Abstract

Distributed Acoustic Sensing (DAS) offer unique advantages to extensive monitoring initiatives due to its long-distance, high-density arrays of real-time acoustic sensors. However, high-resolution and long-term applications generate a large amount of data, on the order of hundreds of terabytes per year, presenting challenges for processing and storage. As a result, leveraging innovative data compression techniques is essential for scaling up DAS monitoring. DAS arrays are composed of multiple channels carrying highly correlated and coherent signals. These redundancies allow to exploit inter-channel compression, which use predictions from consecutive channel signals and achieve a higher compression ratio compared to compressing each channel separately.

 

In this work, we propose a novel coding scheme for DAS data that improves state-of-the-art compression. Encoding follows a pipeline composed of intra-prediction, inter-prediction, transform and entropy coding.
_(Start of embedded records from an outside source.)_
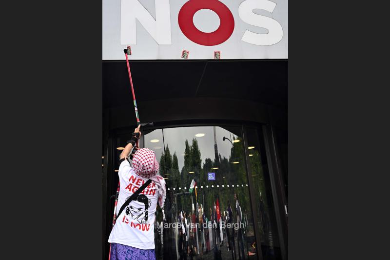 Extinction Rebellion voert actie op het mediapark bij het gebouw van de NOS. De demonstranten eisen dat de NOS verantwoordelijkheid neemt met eerlijke verslaggeving met name over de klimaatverandering en de Palestijnse kwestie.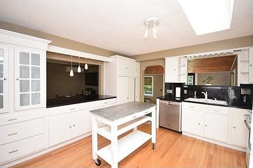 Expect to be impressed! Remodeled kitchen (2007) offers kitchen island, granite c tops, newer appliances opening to dining area & family room w/ hdwd flrs. Just off the back of the kitchen offers a mud rm w/ laundry area & play rm giving access to the outdoor deck area dining. Bright formal living room awaits you with brick hearth frplc for those cozy winter nights! The right wing offers a master bdrm w/ hdwd flrs, remodeled full bth & two additional bdrms w/ hdwd flrs. Property has two mini split a/c units. Outdoor enjoyment begins w/ this private, fenced in back yard, patio area & two car detached garage w/ a home office studio of 432 sq ft as per seller. This office was converted (2012) from a 4 car garage that now offers heat, a/c inside the home office & security system. Lower level offers media rm w/ fireplace, projection screen, projector to stay, guest bdrm, full bth w/ granite c tops & wine cellar. Another bonus, this property is within minutes from Mt Holyoke college.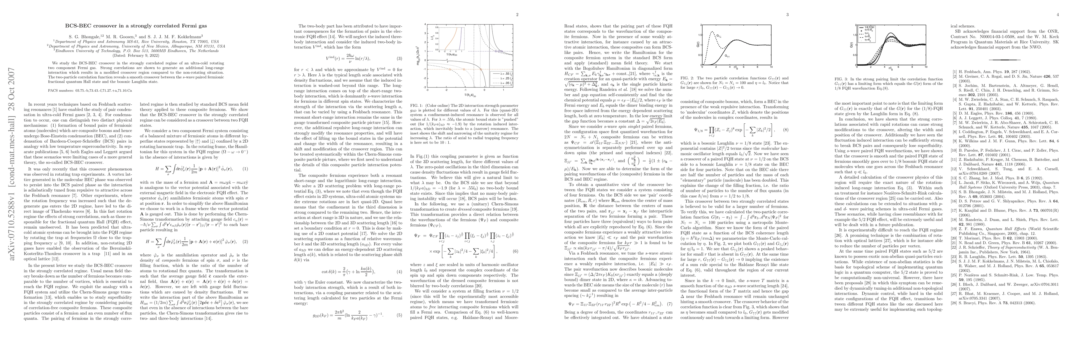 This study investigates the BCS-BEC crossover in a strongly correlated, ultra-cold rotating Fermi gas, revealing that strong correlations induce a long-range interaction, altering the crossover region. The two-particle correlation function demonstrates a seamless transition between fermionic fractional quantum Hall and bosonic Laughlin states.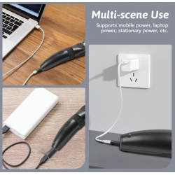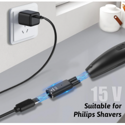 C tipo įkrovimo keitiklis: šis 15 V C tipo adapteris leidžia įkrauti „Philips Norelco OneBlade“ skustuvą, konvertuojant bet kurį USB-C maitinimo šaltinį į suderinamą įkrovimo įvestį. Tai daro jį universaliu priedu, kuriam reikia mažiau kelių įkrovimo laidų.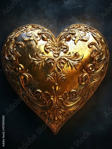 Exquisite Gold Heart with Baroque Style Ornamental Design, Symbolizing Elegance and Luxury in Cultural Heritage Artwork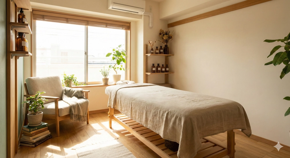 都会の喧騒をシャットアウトした空間で、 アロマの香りに包まれながら、深く長い呼吸を取り戻す。
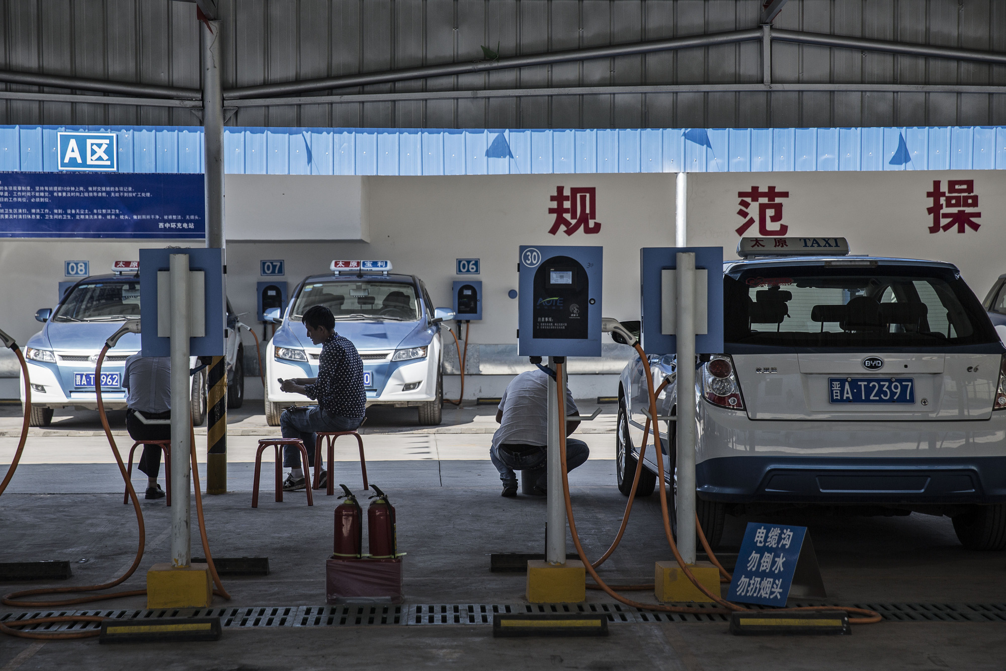 山西省太原市一个充电站的电动出租车。摄影师:Qilai Shen/Bloomberg### 销售
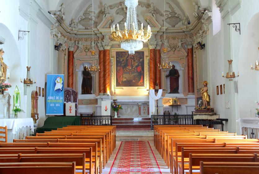 Les édifice religieux ne manquent pas. Sur la grande place au centre du village, vous pouvez voir l'église paroissiale Saint Jean-Baptiste de 1666 avec son clocher de 1670. Attenante, la chapelle de Saint-Bernardin (ancienne chapelle des Pénitents Blancs) présente un beau retable de 1652. A l'extrémité ouest du village, il y a la Chapelle Saint-Jean-Baptiste de 1753. Spacieuse avec son abside et sa voûte en plein cintre, elle accueille diverses manifestations culturelles, fêtes et expositions. En sortant du village, vous trouverez la Chapelle Notre Dame des Baous du XVe, dans son petit jardin avec fontaine, et la Chapelle Sainte-Petronille qui daterait du XIIe.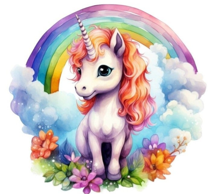 Bügelbild süßer Einhorn / regenbogen Blumen Aquarell ca. 17x17 cm

For lowly correlated channels, intra-channel prediction is realized by means of Linear Prediction Coding. For inter-channel prediction, we propose three different methods: (1) prediction by warping and scaling the signal from the consecutive channel, (2) a linear predictor is learned over many channels and (3) wavelet transforms are used to disentangle data signals of different frequency, allowing fine-grained prediction. Entropy coding is done by a combination of adaptive arithmetic coding and run-length coding. The implementation is divided into an encoder and a decoder. The encoder uses bitrate optimization for decisions on the prediction methods and parameter values and can be tuned for either speed or high-compression modes. In addition, we explore lossy quantization by adding tunable quantization of the transformed signal, which we observe to achieve significantly higher compression at the expense of quantization noise. The designed algorithms and the provided implementation facilitate the deployment of long-term DAS monitoring.